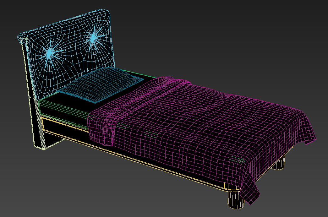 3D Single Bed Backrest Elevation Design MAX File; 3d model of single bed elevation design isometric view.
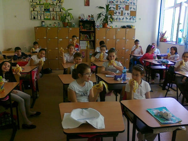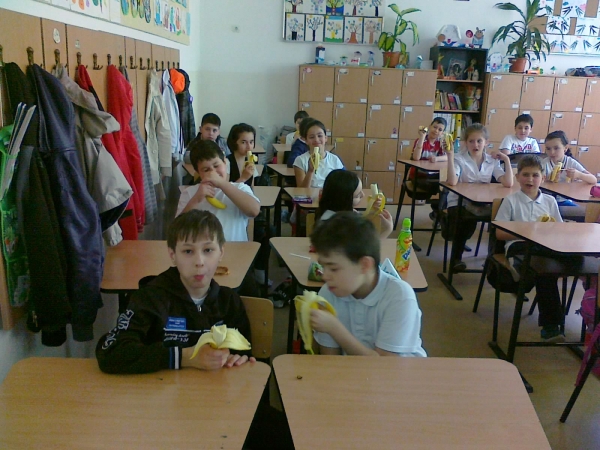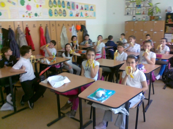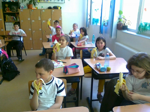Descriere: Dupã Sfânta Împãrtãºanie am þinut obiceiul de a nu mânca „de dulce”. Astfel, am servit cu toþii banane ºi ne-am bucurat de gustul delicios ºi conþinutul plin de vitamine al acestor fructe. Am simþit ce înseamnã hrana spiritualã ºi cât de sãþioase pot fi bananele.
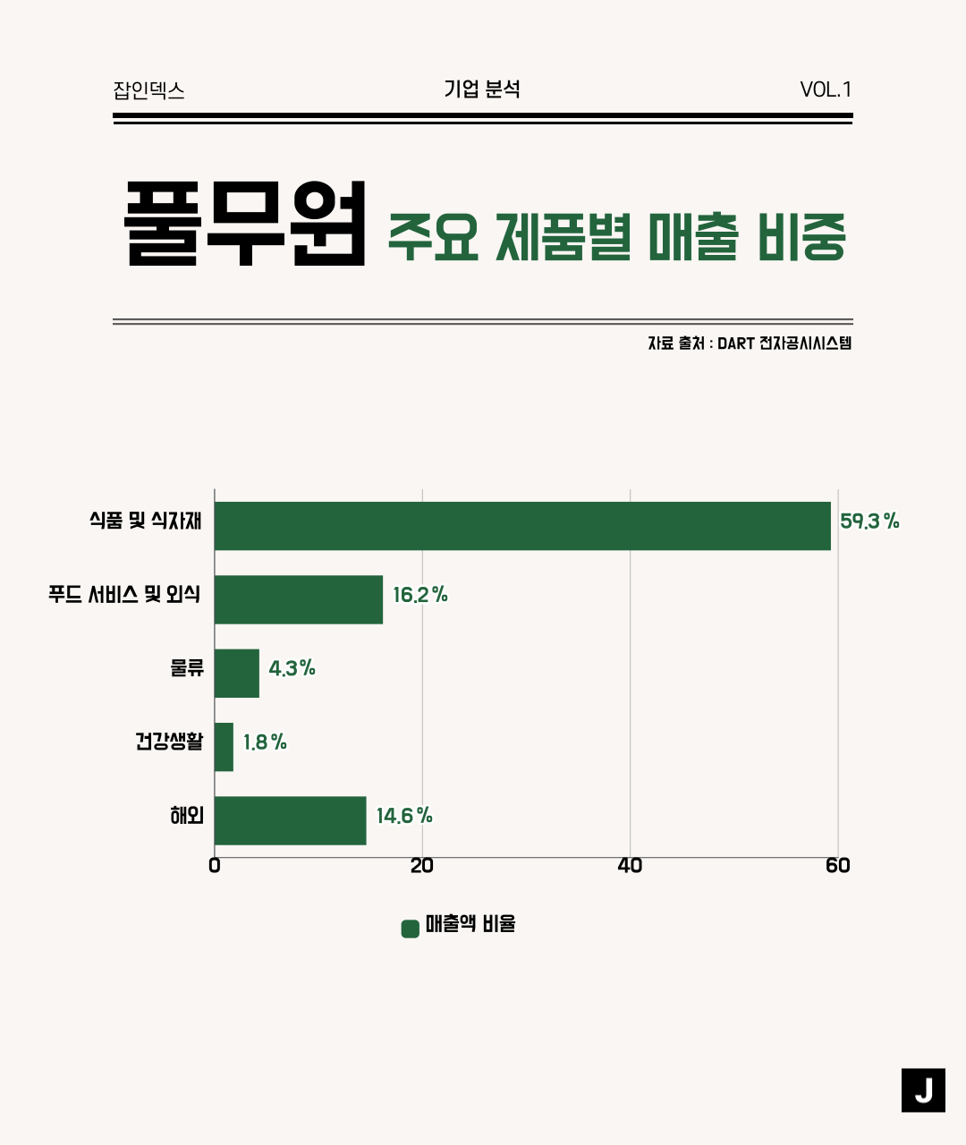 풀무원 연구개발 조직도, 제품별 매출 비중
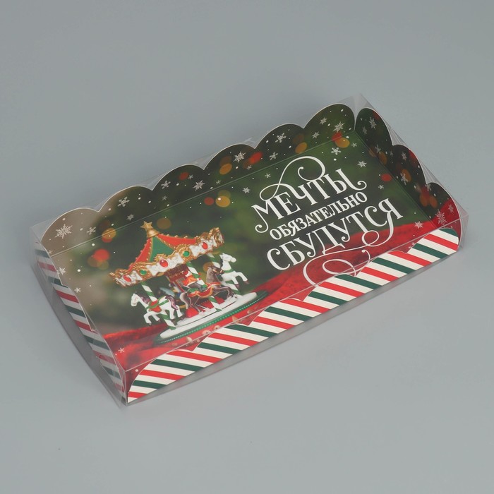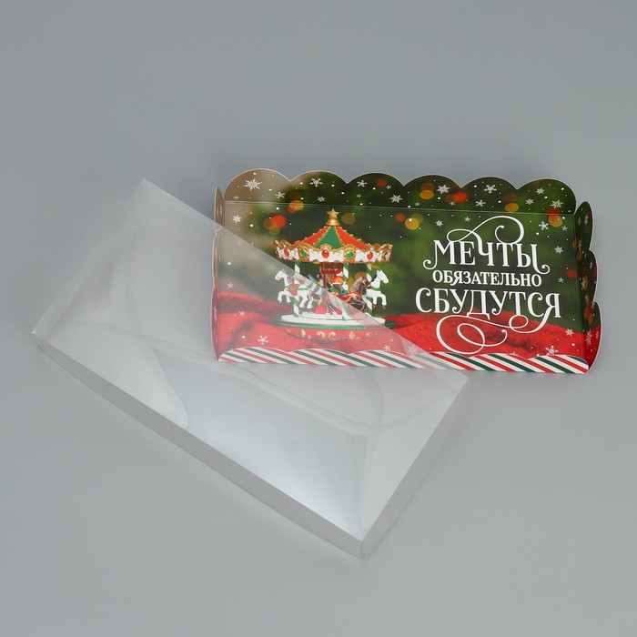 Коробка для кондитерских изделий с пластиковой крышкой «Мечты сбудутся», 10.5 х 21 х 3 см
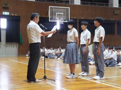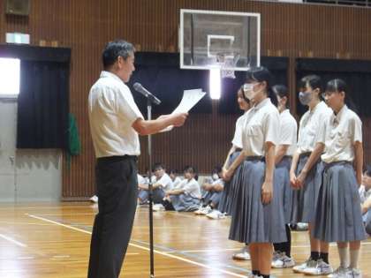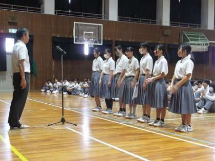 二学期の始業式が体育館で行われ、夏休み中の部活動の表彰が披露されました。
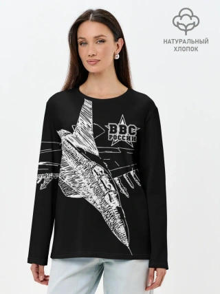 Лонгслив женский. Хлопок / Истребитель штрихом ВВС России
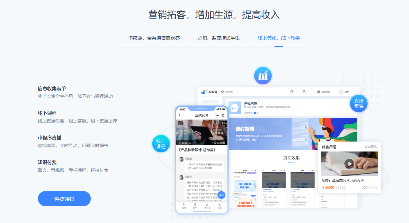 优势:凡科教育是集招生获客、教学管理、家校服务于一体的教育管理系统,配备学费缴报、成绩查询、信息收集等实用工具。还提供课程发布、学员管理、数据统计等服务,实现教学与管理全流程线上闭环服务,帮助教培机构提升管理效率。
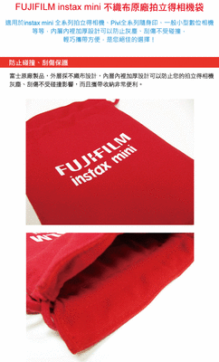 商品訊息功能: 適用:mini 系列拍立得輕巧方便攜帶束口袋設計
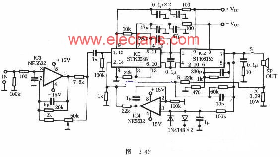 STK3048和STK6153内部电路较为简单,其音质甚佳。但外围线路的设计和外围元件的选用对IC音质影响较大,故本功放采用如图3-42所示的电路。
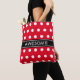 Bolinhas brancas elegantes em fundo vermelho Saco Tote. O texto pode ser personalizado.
# # # # #
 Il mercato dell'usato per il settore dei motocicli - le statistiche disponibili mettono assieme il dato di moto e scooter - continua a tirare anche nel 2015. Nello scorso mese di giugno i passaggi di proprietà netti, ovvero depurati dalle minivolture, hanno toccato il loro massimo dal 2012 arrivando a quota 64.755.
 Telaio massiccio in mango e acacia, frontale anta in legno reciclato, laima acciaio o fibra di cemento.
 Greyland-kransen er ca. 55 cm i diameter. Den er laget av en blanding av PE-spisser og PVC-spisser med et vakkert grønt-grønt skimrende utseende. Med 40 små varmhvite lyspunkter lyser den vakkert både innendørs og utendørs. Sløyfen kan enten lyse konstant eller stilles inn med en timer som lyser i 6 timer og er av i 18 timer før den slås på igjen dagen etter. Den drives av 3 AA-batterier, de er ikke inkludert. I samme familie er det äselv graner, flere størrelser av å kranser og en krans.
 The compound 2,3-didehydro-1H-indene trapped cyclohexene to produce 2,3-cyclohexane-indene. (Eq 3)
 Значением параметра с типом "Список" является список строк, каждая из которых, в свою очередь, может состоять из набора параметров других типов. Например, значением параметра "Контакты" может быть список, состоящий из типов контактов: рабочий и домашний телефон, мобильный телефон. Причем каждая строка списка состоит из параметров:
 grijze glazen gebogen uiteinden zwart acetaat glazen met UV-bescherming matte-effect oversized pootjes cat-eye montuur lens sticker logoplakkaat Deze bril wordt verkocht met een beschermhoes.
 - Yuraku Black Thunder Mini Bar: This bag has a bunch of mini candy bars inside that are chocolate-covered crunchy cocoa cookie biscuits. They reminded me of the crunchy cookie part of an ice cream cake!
# # # # #
Among the entries above, locate the lines containing "Telaio massiccio in" and "- Yuraku Black", and transcribe exactly those two lines and all lines between.

 Telaio massiccio in mango e acacia, frontale anta in legno reciclato, laima acciaio o fibra di cemento.
 Greyland-kransen er ca. 55 cm i diameter. Den er laget av en blanding av PE-spisser og PVC-spisser med et vakkert grønt-grønt skimrende utseende. Med 40 små varmhvite lyspunkter lyser den vakkert både innendørs og utendørs. Sløyfen kan enten lyse konstant eller stilles inn med en timer som lyser i 6 timer og er av i 18 timer før den slås på igjen dagen etter. Den drives av 3 AA-batterier, de er ikke inkludert. I samme familie er det äselv graner, flere størrelser av å kranser og en krans.
 The compound 2,3-didehydro-1H-indene trapped cyclohexene to produce 2,3-cyclohexane-indene. (Eq 3)
 Значением параметра с типом "Список" является список строк, каждая из которых, в свою очередь, может состоять из набора параметров других типов. Например, значением параметра "Контакты" может быть список, состоящий из типов контактов: рабочий и домашний телефон, мобильный телефон. Причем каждая строка списка состоит из параметров:
 grijze glazen gebogen uiteinden zwart acetaat glazen met UV-bescherming matte-effect oversized pootjes cat-eye montuur lens sticker logoplakkaat Deze bril wordt verkocht met een beschermhoes.
 - Yuraku Black Thunder Mini Bar: This bag has a bunch of mini candy bars inside that are chocolate-covered crunchy cocoa cookie biscuits. They reminded me of the crunchy cookie part of an ice cream cake!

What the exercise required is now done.